Restate word for word only the lines running from the one with "Anatomical Spring/Summer collection" to the end of the data, both ends included. Omit any pictures.

▶ _GIVEN MATERIAL_:
===============
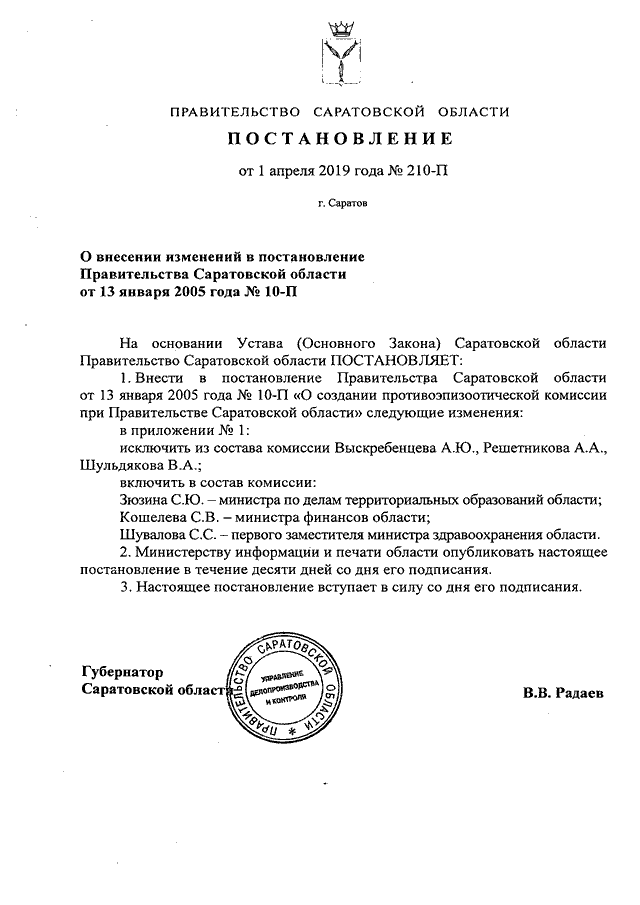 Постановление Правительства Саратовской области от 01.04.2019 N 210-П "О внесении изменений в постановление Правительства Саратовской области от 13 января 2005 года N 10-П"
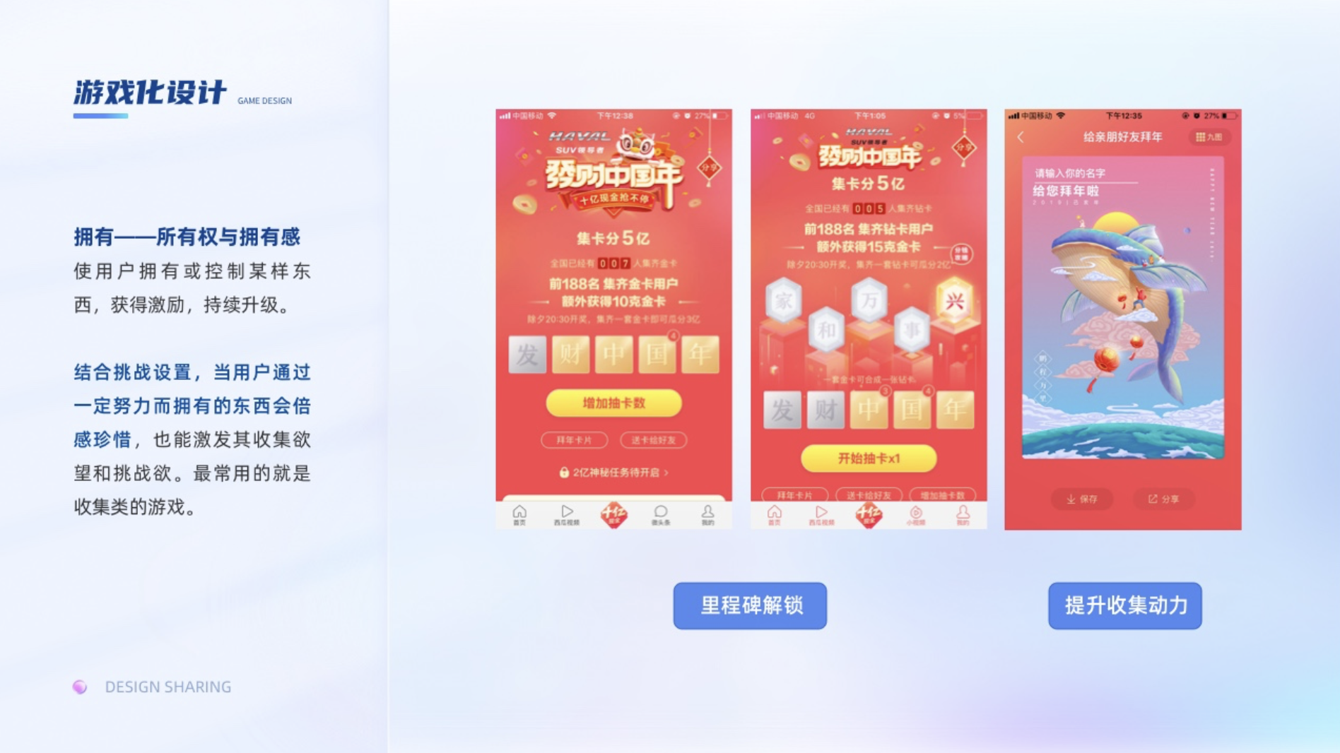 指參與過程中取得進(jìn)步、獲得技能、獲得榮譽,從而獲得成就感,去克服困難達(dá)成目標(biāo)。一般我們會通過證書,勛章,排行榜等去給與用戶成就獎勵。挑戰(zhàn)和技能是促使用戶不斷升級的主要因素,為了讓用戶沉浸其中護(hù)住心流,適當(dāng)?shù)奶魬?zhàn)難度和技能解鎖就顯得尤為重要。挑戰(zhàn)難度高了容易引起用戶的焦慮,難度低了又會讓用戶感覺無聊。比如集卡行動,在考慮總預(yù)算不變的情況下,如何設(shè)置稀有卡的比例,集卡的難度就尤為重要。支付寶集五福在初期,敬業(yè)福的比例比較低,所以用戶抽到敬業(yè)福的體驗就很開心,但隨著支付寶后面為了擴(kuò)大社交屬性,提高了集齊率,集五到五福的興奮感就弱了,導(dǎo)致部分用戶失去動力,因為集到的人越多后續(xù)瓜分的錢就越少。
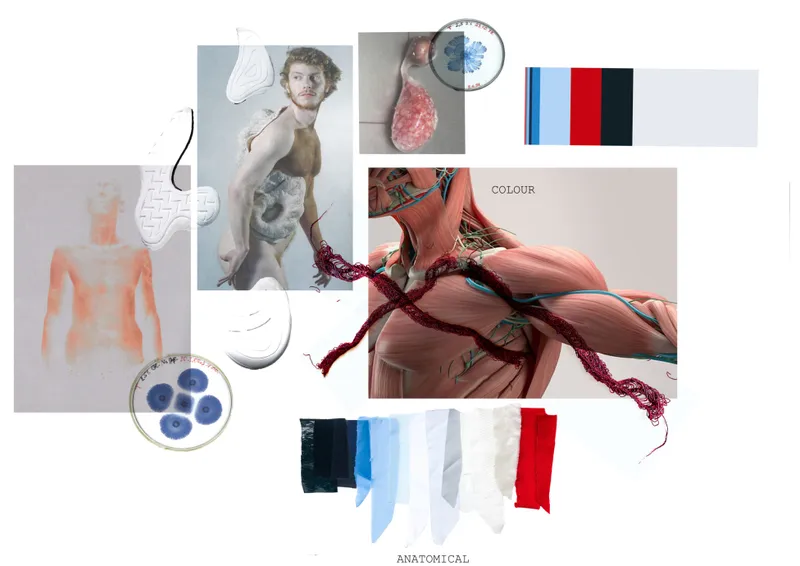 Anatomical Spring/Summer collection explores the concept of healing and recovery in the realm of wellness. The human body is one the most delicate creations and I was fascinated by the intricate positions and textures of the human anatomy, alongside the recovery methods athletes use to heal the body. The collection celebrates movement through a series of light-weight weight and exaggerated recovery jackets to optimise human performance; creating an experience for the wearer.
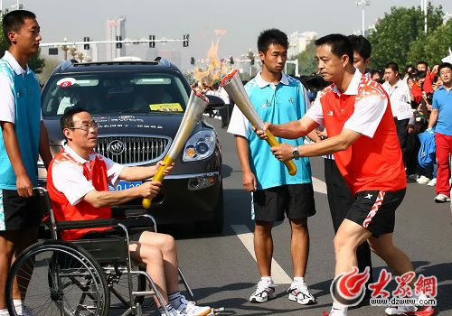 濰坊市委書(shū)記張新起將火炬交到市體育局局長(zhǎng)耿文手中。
===============
▶ _EXERCISE OUTPUT_:
 Anatomical Spring/Summer collection explores the concept of healing and recovery in the realm of wellness. The human body is one the most delicate creations and I was fascinated by the intricate positions and textures of the human anatomy, alongside the recovery methods athletes use to heal the body. The collection celebrates movement through a series of light-weight weight and exaggerated recovery jackets to optimise human performance; creating an experience for the wearer.
 濰坊市委書(shū)記張新起將火炬交到市體育局局長(zhǎng)耿文手中。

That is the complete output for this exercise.